Class Etiquette: Please give the class your full attention and refrain from talking, texting, surfing the web, and similar distractions. If it is clear to other students that you are not paying attention, it will be harder for them to pay attention to me. This statement is true in general, but it is especially true if you are talking. Also, it can also be harder for me to give good lectures, when it is clear that not everyone is paying attention. Like you, your classmates are paying a lot of money to be here. Have some respect for your fellow students! Otherwise you are negatively impacting their educational experience, which isn't fair to them. If you need to attend to something urgently, it is OK to excuse yourself from the classroom. Please be warned that if people are not following this request, I may reread this statement to the class.

Please participate in class by asking questions when you do not understand something. Invariably other students benefit from these questions. Please engage in discussions, and please engage with the class, generally. I find it easier to give good lectures when students are asking questions, and engaging with the material.
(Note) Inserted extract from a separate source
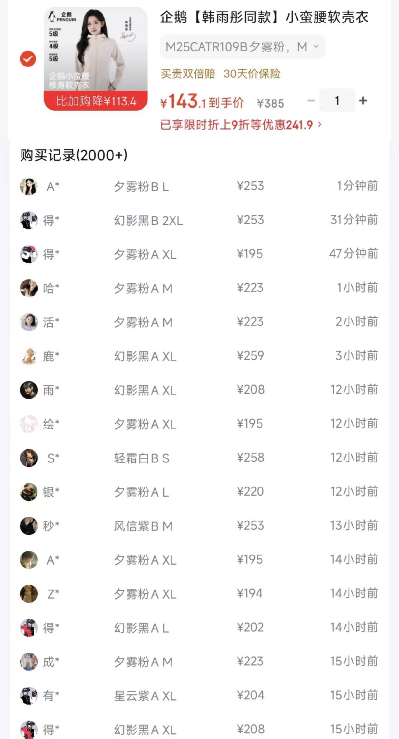 企鹅韩雨彤同款小蛮腰软壳衣,购物金叠加后到手价仅128元

Academic Integrity: Cheating is not acceptable and will not be tolerated. Consider this: in subtle ways, cheating to get a better grade on an exam can result in lowering the grades of some of your classmates. Certainly this is true when a specific curve is used to assign grades. Even when I don't use curves explicitly, they can be implicit in decisions about writing and grading exams. As required by the policy of American University, I will report all suspected cases of cheating to the Dean's office who will proceed to investigate and adjudicate the issues. Cheating is giving or receiving unauthorized assistance on exams, from other students or other people. When inappropriate copying between students is caught, both parties may be culpable. You can get help on homework from other students, but you must write up the work yourself, and the work must reflect your own understanding of the material.
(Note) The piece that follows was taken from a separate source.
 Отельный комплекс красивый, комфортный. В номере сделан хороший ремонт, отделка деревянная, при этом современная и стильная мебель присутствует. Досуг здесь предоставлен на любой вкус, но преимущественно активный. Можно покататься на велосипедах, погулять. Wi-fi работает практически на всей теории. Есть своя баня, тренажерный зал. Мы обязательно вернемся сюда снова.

Public Service Announcement: A representative of AU's Students Against Sexual Violence (SASV) approached me and asked me to include on my syllabi a list of resources available for survivors of sexual assault and their friends. While sexual violence is by no means the only challenge faced by students, I agree that this issue merits particular attention, so I am honoring her request by attaching the list she gave me:

Sexual Assault Resources

  • It’s never the survivor’s fault. There are many people you can talk to if you or someone you care about has been sexually assaulted:
  • AU's Sexual Assault Prevention Coordinator Daniel Rappaport (rappapor@american.edu)
  • AU's Coordinator for Victim Advocacy Sara Yzaguirre (sarayza@american.edu)
  • DC SANE Program (Sexual Assault Nurse Examiner) 1-800-641-4028
  • The only hospital in DC area that gives Physical Evidence Recover Kits (rape kits) is Medstar Washington Hospital
  • DC Rape Crisis Center: 202-333-7273
  • Students found responsible for sexual misconduct can be sanctioned with penalties that include suspension or expulsion from American University, and they may be subject to criminal charges
  • If you want to submit a formal complaint against someone who has sexually assaulted you, harassed you, or discriminated against you based on your gender identity or sexual orientation, you can do so online at http://www.american.edu/ocl/dos/, or contact the Dean of Students at dos@american.edu or 202-885-3300. These are Title IX violations, and universities are legally required to prohibit these actions.
  • Resources on campus that are required to keep what you tell them confidential are Daniel Rappaport, Sara Yzaguirre, ordained chaplains in Kay, and counselors at the counseling center. (OASIS may also belong here but it didn't exist when this list was created.)